A simple LMWHA diagnostic could be used as a companion diagnostic to identify responders to N-butyryl HA therapy
A “Cytokine storm” and inflammation-mediated severe lung damage are the main underlying reasons for morbidity and mortality in SARs-COV-2 infected patients (COVID-19 patients). Biological data is building of the importance of low molecular weight HA (LMWHA) in the progression of COVID-19 in hospitalized patients. Queen’s researchers believe N-butyryl hyaluronic acid, by antagonizing LMWHA agonism of TLR4 and other LMWHA-binding proteins, represents a solution to this challenge and could save lives.

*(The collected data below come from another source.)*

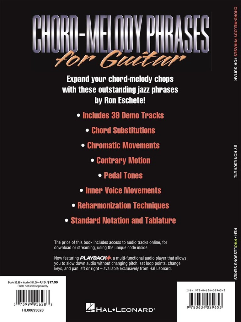 Ron Eschete. REH livre Audio/Pack. Développez vos côtelettes de corde-mélodie avec ces phrases jazz exceptionnelles. Explorez les substitutions de corde, mouvements chromatiques, motion contraire, tons pédales, voix intérieure, reharmonisation et plus encore. Disposées en tablature guitare et notation standard, avec CD de démonstration.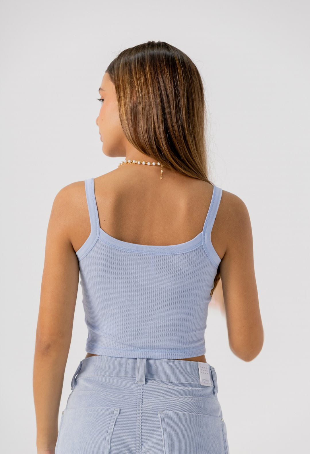 Camiseta de tiras, color azul claro y fondo entero para jóvenes.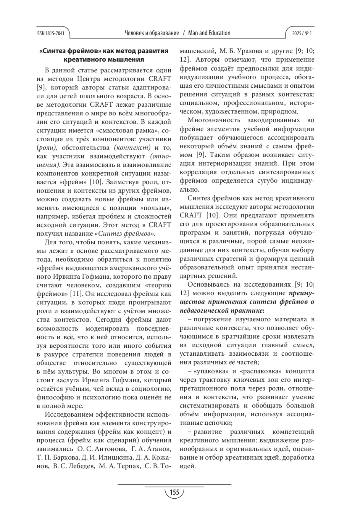 12. Лобашев В. Д., Талых А. А. Фреймовый подход в технологическом образовании // Вестник Мининского университета. 2020. Т. 8. № 2. С. 2.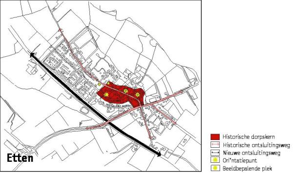 Etten heeft een karakteristieke historische kern met twee kerken, een molen, verschillende monumentale gebouwen en leuke smalle straatjes, het totaalbeeld is heel bijzonder en sfeervol. Er zijn nauwelijks nieuwe elementen in het historische gedeelte opgenomen. Het aanzicht van het dorp vanuit het omringende landschap met zijn twee torens, hoge bomen en oude boerderijen, is ook zeer karakteristiek. Binnen de kern is de veel te grote parkeerplaats bij de R.K. kerk een negatief aspect er ontstaat zo een te grote lege ruimte die zich niet verhoudt met de kleinschaligheid en gedifferentieerdheid van de kern van Etten. Ook negatief is het beeld van het dorp vanaf de oude verbindingsweg van Terborg via Etten naar het westen. Negatief is het beeld vanwege de rommelige opbouw, met grootschalige bebouwing en bestrating, in plaats van het kleinschalig beeld dat bij een oud dorp wordt verwacht.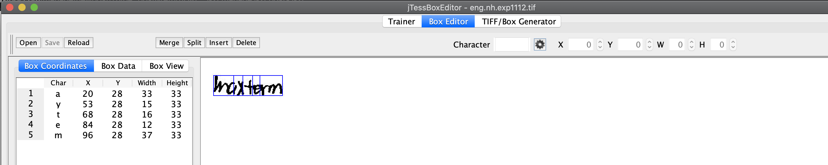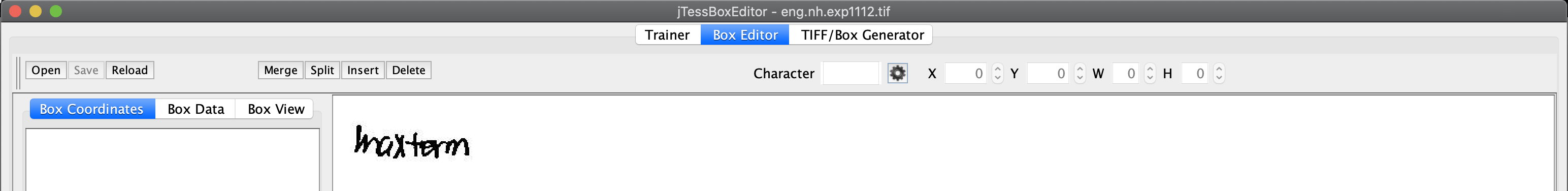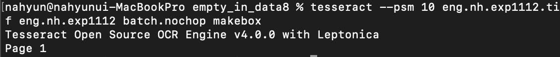 tesseract --psm 10 eng.nh.exp1112.tif eng.nh.exp1112 batch.nochop makebox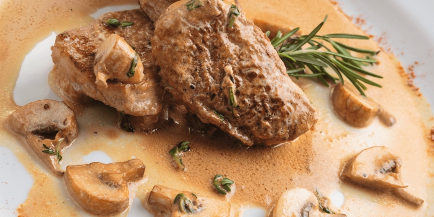 Сквозь мягкие переливы коричневого соуса на белом фарфоре проступает не просто пища, но целая история. Здесь аромат трав блуждает меж кусочками нежного мяса и обжигает ноздри, как легкий танец весеннего ветра. Грибочки, раскиданные по тарелке будто бы беспорядочно, напоминают о прогулках по осеннему лесу, когда каждый шаг вскрывает новые тайны. А веточка свежего розмарина – это ни что иное, как метафора жизни, всегда ищущей путь к небу. В этой симфонии вкусов и ароматов главная нота принадлежит куриному филе, нежно утопающему в сметанной неге. Оно словно интроверт, нашедший утешение в тишине, спрятанном глубоко внутри себя. Напоминание о том, что истина всегда скрыта в деталях, этот простой, но изысканный ужин пробуждает в нас нежные и тёплые воспоминания, словно старинная карта из детства, по которой можно пройтись лишь в мечтах.
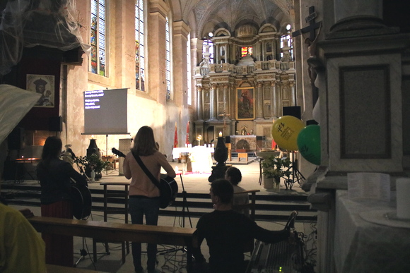 Dienos pabaigoje visi rinkosi šv. Jurgio Kankinio (pranciškonų) bažnyčioje. Joje šlovinimo grupė iš Vilniaus „Viešpaties balsas“, kun. Andrius Končius prie išstatyto Švč. Sakramento kvietė melstis už Kauno miestą ir maldoje pavesti visus mums svarbius dalykus, kad Dievas juos perkeistų.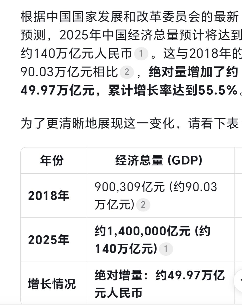 为何同是在国际大环境极不确定的情况下,2025年与2018年A股的表现大不一样呢? 资本市场的表现通常被认为是信心的体现,其实信心的背后,是咱们各方面实力的显著提升,是咱们的发展大势是确定的。 无论是经济总量、科技水平、军事实力军工科技、还是产业发展、消费能力消费水平,2025年都比2018年上了一个大台阶,而且,这七年来咱们还积累了相当多的应对重大风险和挑战的宝贵经验。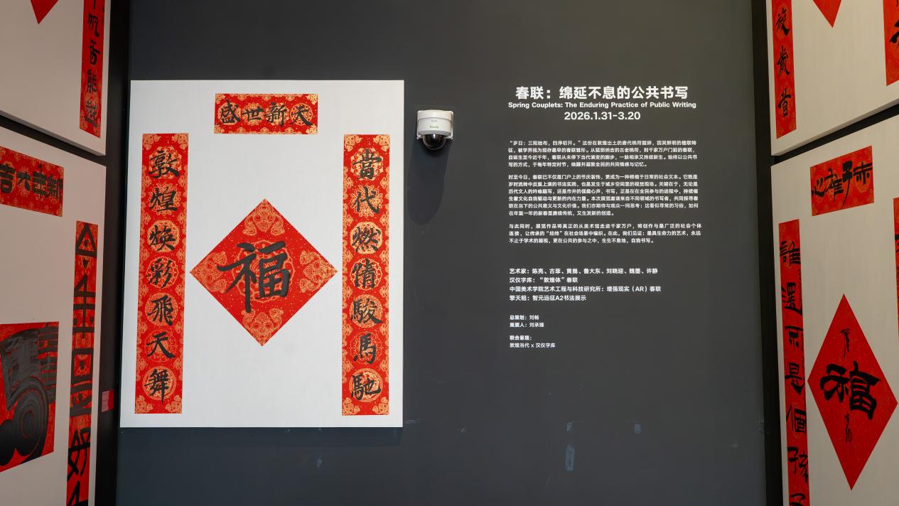 近日,作为“敦煌当代春节季”系列活动之一,春联书法艺术展《春联:绵延不息的公共书写》在敦煌当代美术馆开幕。作为一次具有开创性的策展实践,本次展览首次以跨学科与研究性的策展思路,将春联主题引入当代美术馆语境展开,并结合AI造字、机器人书写与增强现实(AR)互动等技术,拓展传统书写的当代表达路径。展览以春联这一极具公共性的全民文化实践为切入点,邀请多位跨越传统书法与当代艺术领域的创作者,呈现传统文化在当代语境中的可能性。本次展览由敦煌当代美术馆与汉仪字库联合呈现,展期从即日起至3月20日。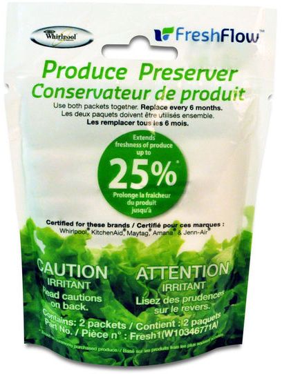 Produce preserver absorbs ethylene allowing the ripening process of many produce items to slow down. As a results, certain produce items will stay fresh longer that are kept in your crisper drawer. It extends freshness of produce up to 25%. Packet contains two pouches which will be put in the housing in your crisper drawer. Packet also contains a status indicator to help you remember to change the pouches. Replace pouches and status indicator every six months for optimal freshness.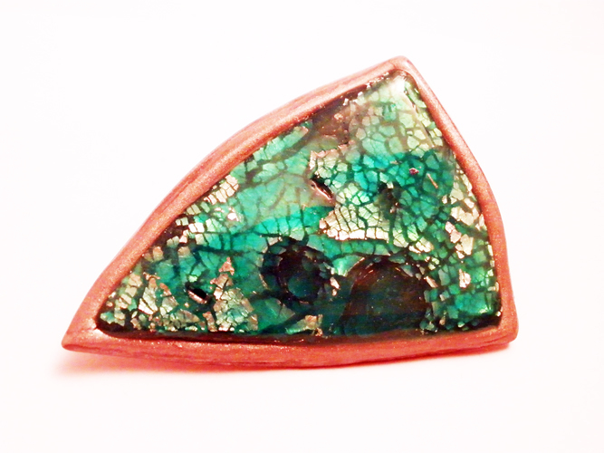 Přívěsek vyrobený z fima a stříbrných folií technikou mokume nendo.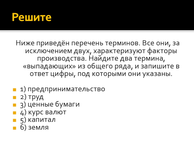 производства. Найдите два термина, «выпадающих» из общего ряда, и запишите в ответ цифры, под которыми они указаны.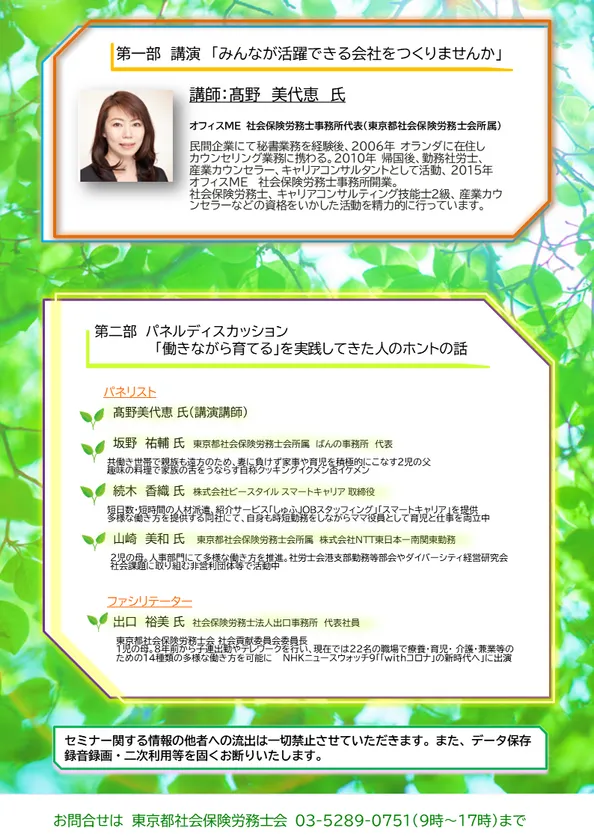 東京都社会保険労務士会(会長:寺田 晃)は、「みんなが輝く社会を みんなが輝く会社を」テーマにした女性活躍促進セミナーを以下のとおり、3月5日にオンラインで開催いたします。

Early reports from China noted that hyaluronic acid (HA) could be a potential cause of fatalities and noted that autopsies have found lungs filled with clear liquid jelly, speculating it was HA(1). Another Chinese group then published examining expression of HA with severity of COVID-19. They discovered the HA was an indicator of fibrosis and could be used as early warning indicators of poor prognosis for critical patients with COVID-19(2). Kaber et al. investigated whether HA was a component of the excessive respiratory secretions in COVID-19(3). They examined the sputum of COVID-19 patients and compared it to sputum of healthy volunteers and cystic fibrosis patients (positive control). They found HA content is increased ~ 20-fold in both CF and COVID-19 patients compared to healthy controls. Interestingly, the hyaluronan in COVID-19 samples was comprised of low-molecular weight fragments, the form of HA linked with pro-inflammatory functions. They also found elevated HA concentrations in cadaveric lungs of COVID-19 patients. It should be note that elevated HA has been reported to be elevated in sputum and BALF of acute respiratory patients (ARDS) prior to COVID-19(4,5). Mong et al. note the long-standing association of HA and ARDS(6). They conducted autopsies on 6 COVID-19 patients and found the average lung of patients determined to have died from SARS-CoV-2 was ~2.5x normal lung weight and that hyaline membranes were consistently identified on histologist sections.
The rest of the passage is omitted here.